Mishil (c. 546/548 – c. 612) was a Silla aristocrat whose historicity is debated. According to the Hwarang Segi, she was concubine to several kings and, along with his mother Queen Sado, played an instrumental role in dethroning King Jinji.

Biography
According to the Hwarang Segi, Mishil was the daughter of Lord Mijinbu and Lady Myodo, a sister of Queen Sado, the consort of Jinheung of Silla. Her paternal grandmother was Princess Samyeop, daughter of King Beopheung. Due to her lineage, Mishil was a member of the  (진골, 眞骨), or the noble true bone caste. Matrilineally, she belonged to the Matrilineal clan of Daewon Shintong (대원신통, 大元神統）or directly translated as the divine succession of the great prime.
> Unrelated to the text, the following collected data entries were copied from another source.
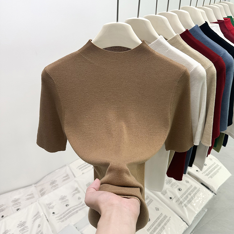 洋氣修身 顯瘦氣質(zhì)五分袖 針織衫 打底衫 女春秋新款 半高領(lǐng)羊毛中袖
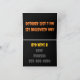 Halloween folded invitation with black background and orange yellow, and pink font throughout the card.
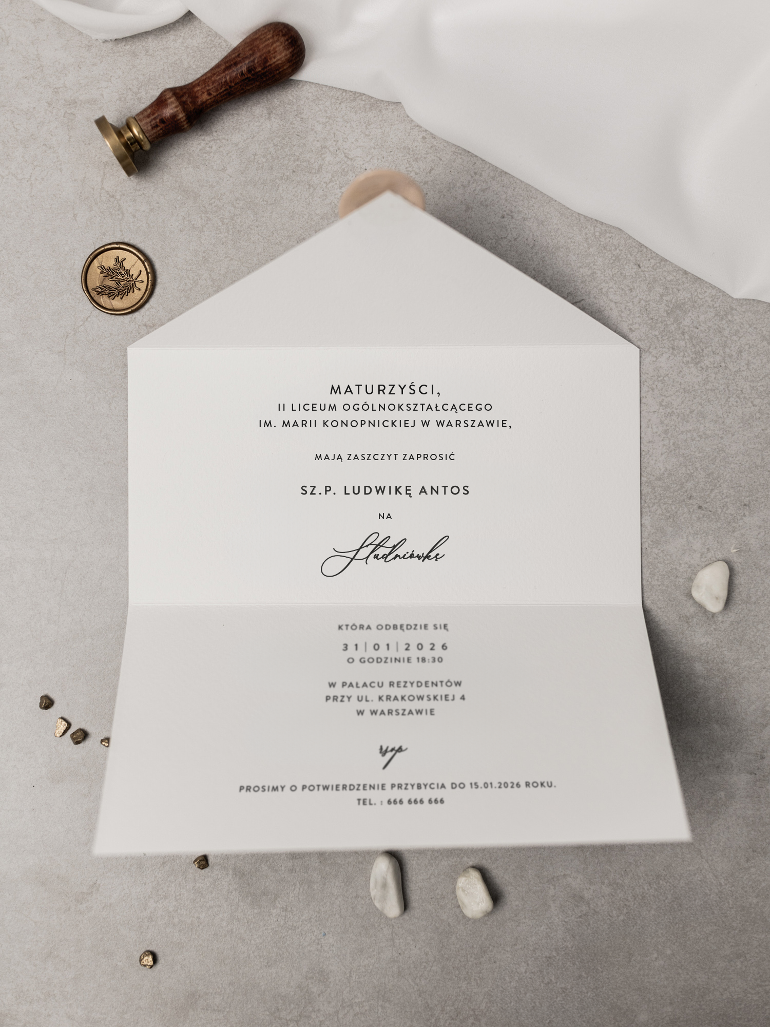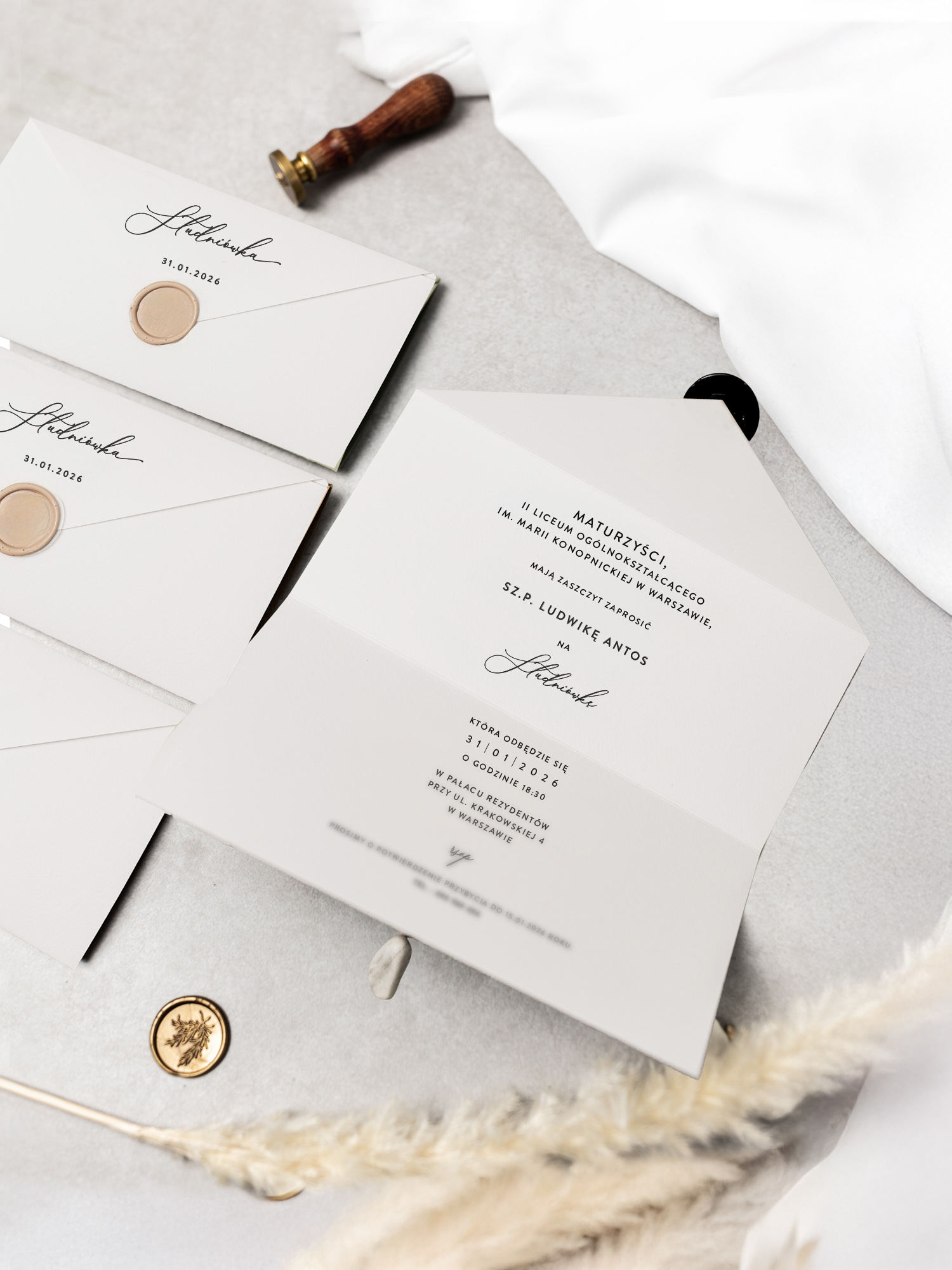 - W zestawie: składane zaproszenie w formie listu + odbicie lakowe
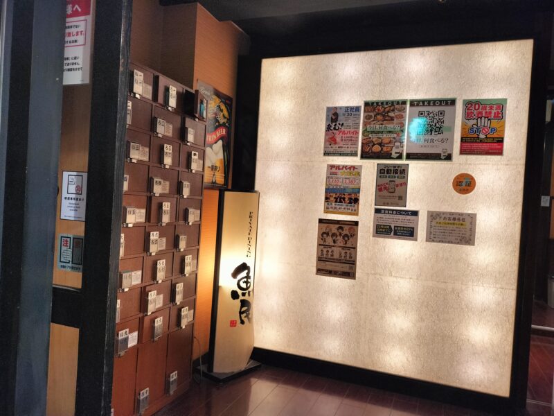 普通の魚民と同じで、入口で靴を下駄箱に入れます
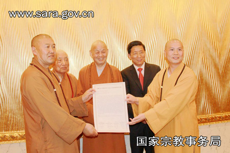 合影留念(从左至右依次为:妙江法师、性空长老、净慧长老、蒋坚永副局长、达义法师)
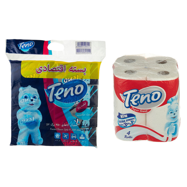 - این محصول مجموعا شامل یک بسته 8 عددی دستمال کاغذی 250 برگ 2 لایه ی تنو و یک بسته 4 عددی دستمال حوله ای 3 لایه تنو می باشد.
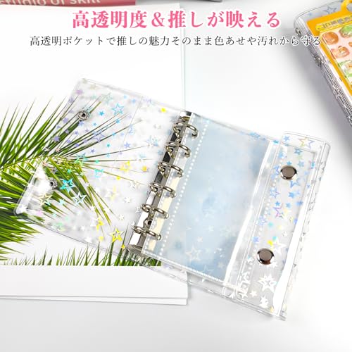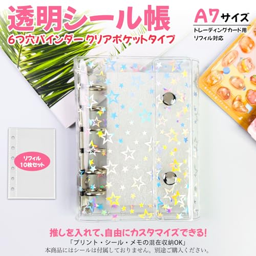 星柄入りカバー/-/-・Color:星柄入りカバー・キラキラ輝く“見せる”シール帳ホログラム風の星柄を散りばめた透明バインダーは、角度によってキラッと輝き、シールの可愛さをさらに引き立ててくれます。収納するだけでなく、見た目も楽しめる“映えアイテム”。お気に入りを飾って、自分だけの特別な一冊を作ってみよう・使いやすいA7サイズ&6穴バインダー手のひらに収まるA7(ミニ6)サイズで、持ち運びラクラク。小さなバッグにもすっぽり入るから、通学やお出かけのお供にもぴったり。6穴式でリフィルの入れ替えも簡単、自分好みにカスタマイズ・すぐ使える透明スリーブ10枚付き初めての方でも安心の、透明リフィル10枚入り。大切なシールを綺麗に保管しつつ、出し入れもスムーズ。シール帳サイズ:14.5cm x 11cm x 2.3cm リフィルサイズ:8.6cm x 13cm・軽くて丈夫なPVC素材柔らかくて耐水性のあるPVC素材を採用。雨の日やバッグの中でも汚れにくく、毎日持ち歩いても安心。しっかり留まるボタン付きで、移動中に勝手に開く心配もありません・アレンジ自在で使
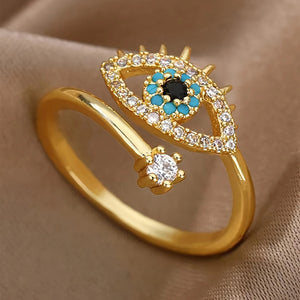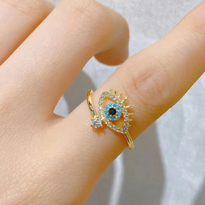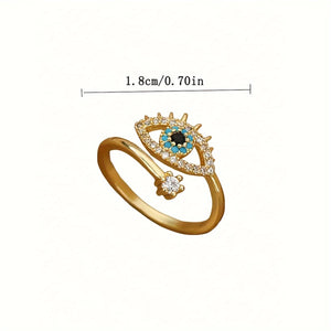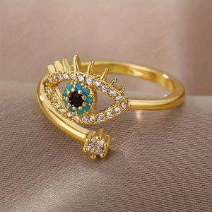 Evil Eye ring with gold-toned copper finish, featuring turquoise stones and sparkling crystal accents. Adjustable design and mystical motif perfect for adding a unique touch to your jewellery collection.
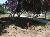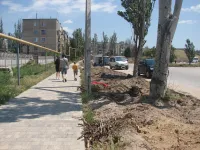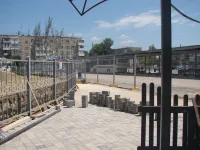 Завершено мощение плиточного покрытия вдоль фасада КРЭС и боковых подходов к зданию.
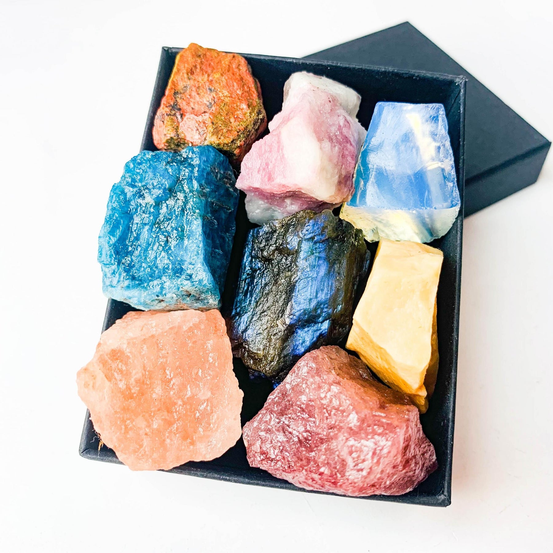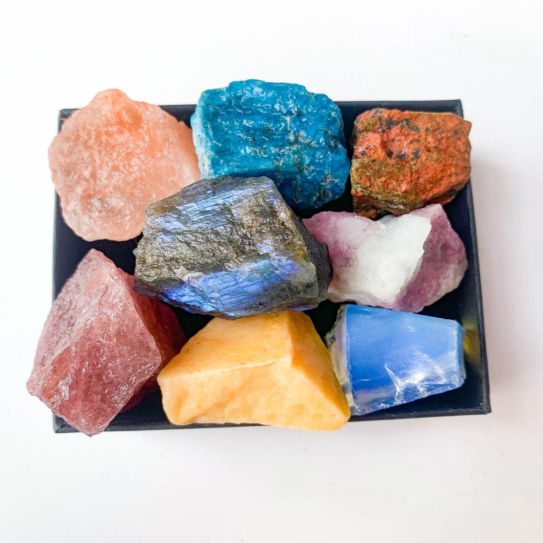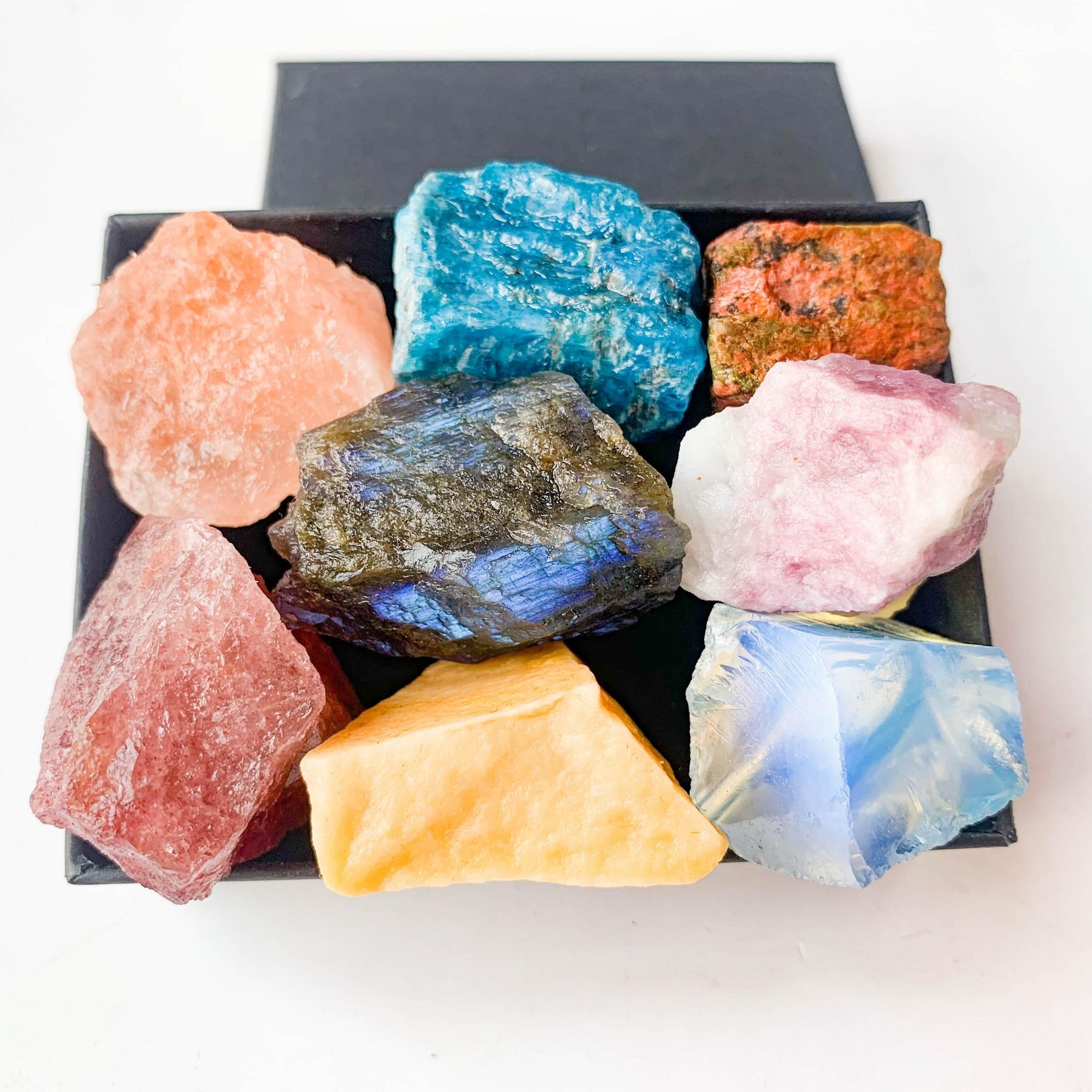 Discover the power of rare crystals with this set of 8 large chakra healing stones. Each crystal has unique properties to bring balance and positive energy to your life. Perfect for yourself or as a thoughtful gift for a loved one.
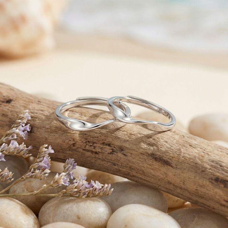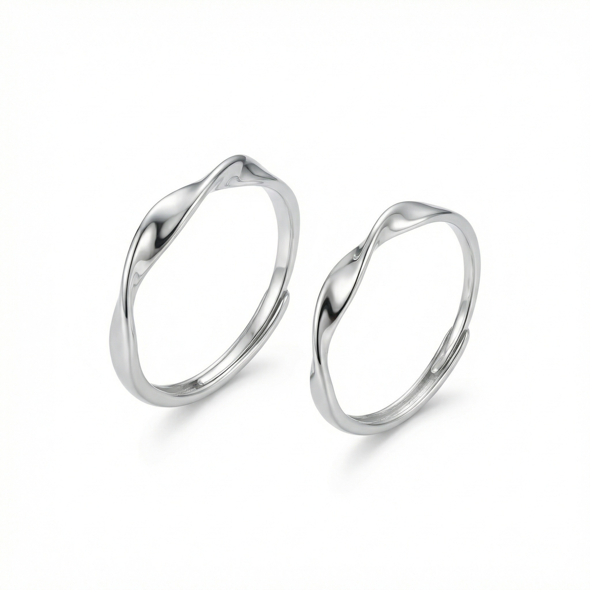 These stunning couple rings feature a modern and minimalist design inspired by the Möbius strip. Crafted with a high-polished silver finish, the twisted, wavy bands create a fluid silhouette that symbolizes eternal unity and infinite love. The sleek, understated aesthetic makes them perfect for everyday wear or as a sophisticated accessory for special occasions. A key feature of these rings is the practical adjustable open-band design, ensuring a comfortable and customized fit for various finger sizes. Whether used as promise rings, anniversary gifts, or a simple token of devotion, their timeless design reflects a perfect balance of contemporary style and romantic symbolism. These elegant pieces are a versatile addition to any jewelry collection, offering a subtle yet profound statement of connection. | Brand: jewelryodm
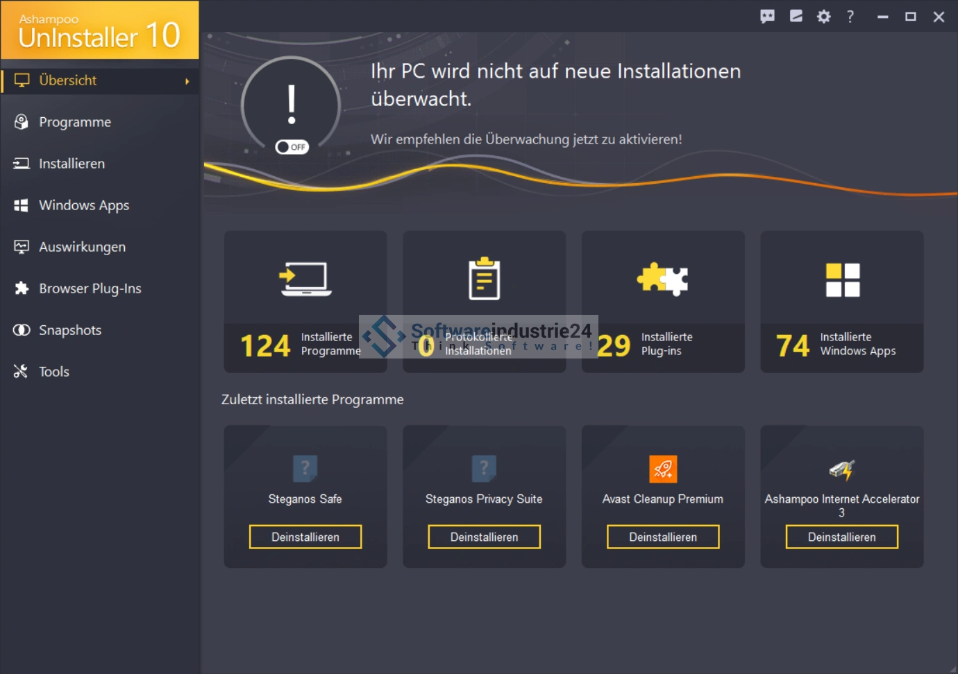 Ashampoo Uninstaller 10 verfügt auch über eine leistungsstarke Funktion zur Überwachung von Installationen, die es Ihnen ermöglicht, Änderungen an Ihrem System in Echtzeit zu verfolgen. Wenn Sie also ein neues Programm installieren, kann Ashampoo Uninstaller 10 diese Änderungen aufzeichnen und sicherstellen, dass alle Komponenten des Programms vollständig entfernt werden können, wenn Sie es später deinstallieren möchten. Darüber hinaus bietet Ashampoo Uninstaller 10 auch eine Reihe von Werkzeugen, um Überreste von deinstallierten Anwendungen und temporäre Dateien zu entfernen. Dies hilft Ihnen, Speicherplatz auf Ihrem Computer freizugeben und Ihr System aufgeräumt und effizient zu halten.
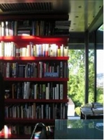 収納は必要なものだけを用意する。実はSobekさんはR-128の他にもう一ヶ所住まいをお持ちである。計二ヶ所のすまいは一方を如何にピュアーに使えるかの保証でもあるような気がする。いずれにせよ、今まで持っていた75%の布団はじめ物はボスニア人庭師さんにくれたと歯切れは良い。布団は二枚で十分。身軽になる事。キッチンにはワインクーラーがセット・ローボードには食器類が入る。夫々の必要最小限の収納は確保されていた。リビングの開架式書庫はまさにインテリアファーニチャー。それでもガレージとストレージは必要な箇所に必要なだけあった。
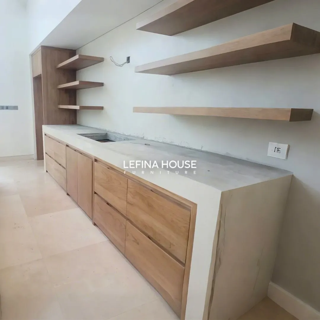 Dengan desain yang praktis dan efisien, Kitchen Set Minimalis Dapur Kecil Dapur Murah memberikan kombinasi antara fungsionalitas dan estetika. Kabinet bawah dan open shelf memberikan Anda tempat penyimpanan yang rapi dan mudah diakses, sementara material kayu jati yang digunakan memastikan kualitas dan daya tahan yang tinggi. Finishing cat duco doff menambahkan tampilan modern dan mudah dirawat.
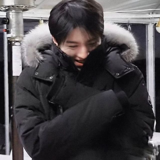 拍完以后,王俊凯裹紧衣服笑着
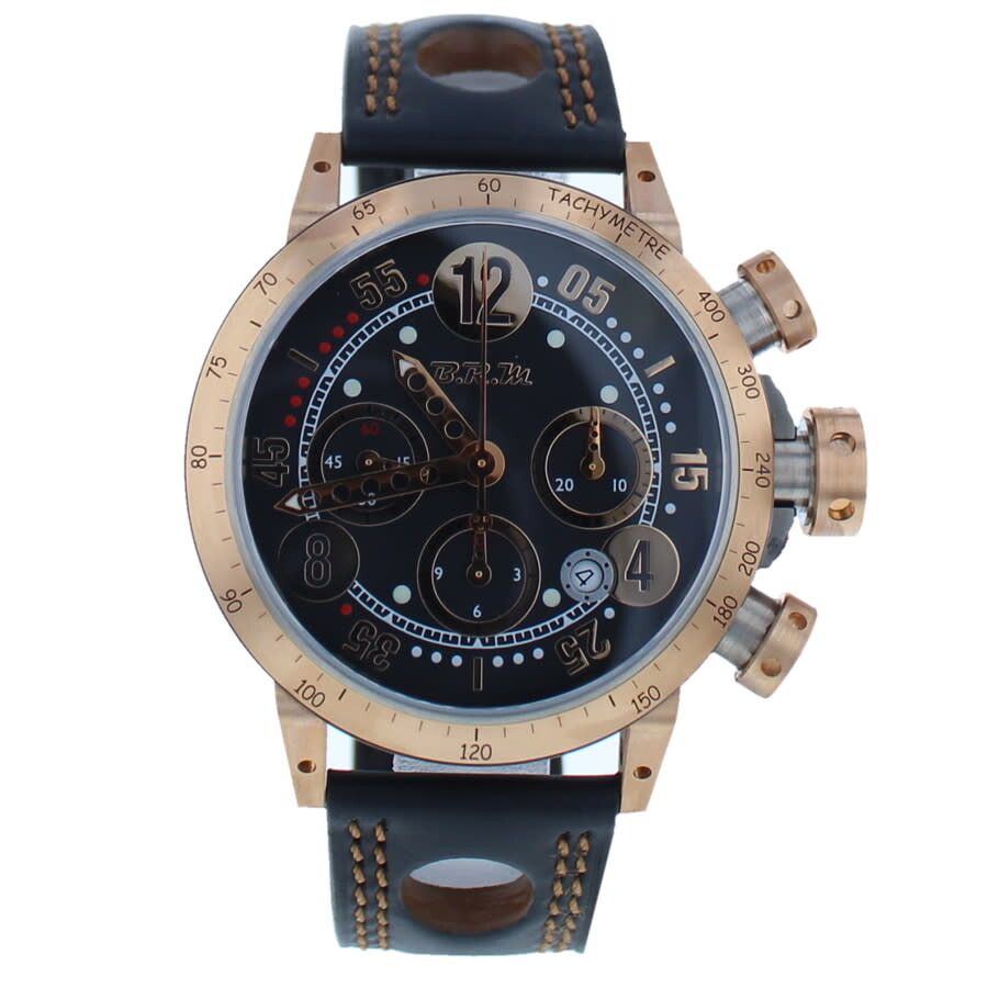 Stainless steel case with a leather strap. Fixed 18k rose gold bezel. Black dial with Arabic & index hour markers. Dial Type: Analog. Date display between 4 and 5 o'clock position. Automatic movement. Screw down crown. Transparent case back. Round case shape. Case size: 44 mm. Tang clasp. Functions: date, day, hour, minute, second. Sport watch style. Pre-owned B.R.M. V8-44 Automatic Black Dial Men's Watch V8-44-GT-5N-CN.
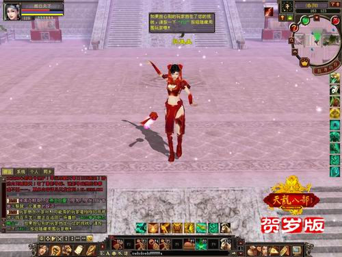 "尊敬的各位领导,各位来宾,亲爱的朋友们,大家晚上好!《天龙八部》首场春节连环晚会马上就要开始了,晚会由我孙美美来为大家主持,在此祝贺各位大侠新春愉快,万事如意!听,春天的脚步正在向我们走来,轻盈的脚步将叩响每一颗心。下面就请大家欣赏舞蹈《欢乐天龙年》,表演者:草原BOSS白冥启......"2月6日21时15分,洛阳城中心的府前广场将现场直播"天龙BOSS春节联欢晚会"!来自各大场景的恐怖BOSS们将会逐一登场,向广大《天龙八部》的玩家拜年!只要留心倾听他们的表演台词,你会发现这其中有很多令人惊喜的小秘密呢。如果遗憾错过了2月6日的首播也不要紧,直至2月12日,每晚相同时间晚会都将在洛阳广场进行重播。
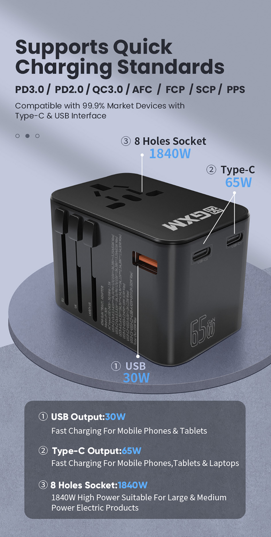 - Fast Charging Ports up to 65W Output

The Daewon Shintong is believed to be descent from Bomi, however, the records in the reigns of Soji of Silla, that Bomi, the Lady Daewon (大元夫人）, passed away and buried at the age of 82. Lady Daewon has given birth to 12 children from several different fathers. Because of her nobility, her descendants were known as Daewon or great prime tribe. (大元族）.

She was the wife of Lord Sejong (the sixth Pungwolju), the lover of General Seolwon (the seventh Pungwolju) and the older sister of Lord Misaeng (the tenth Pungwolju). She was concubine to three successive Silla kings: King Jinheung, King Jinji, and King Jinpyeong. Legend states that she was in love with Crown Prince Dongnyeon. Her sons became the 11th and 16th pungwoljus, Hajong (through Sejong) and Bojong (through Seolwon), respectively.

According to Hwarang Segi: Mishil became King Jinji's concubine after his father, King Jinheung died. However, he lost interest on her after falling in love with another woman. His mother, Queen Sado, was angered about his sudden change of heart and failing to keep his promise on making her sister’s daughter, Mishil into his Queen.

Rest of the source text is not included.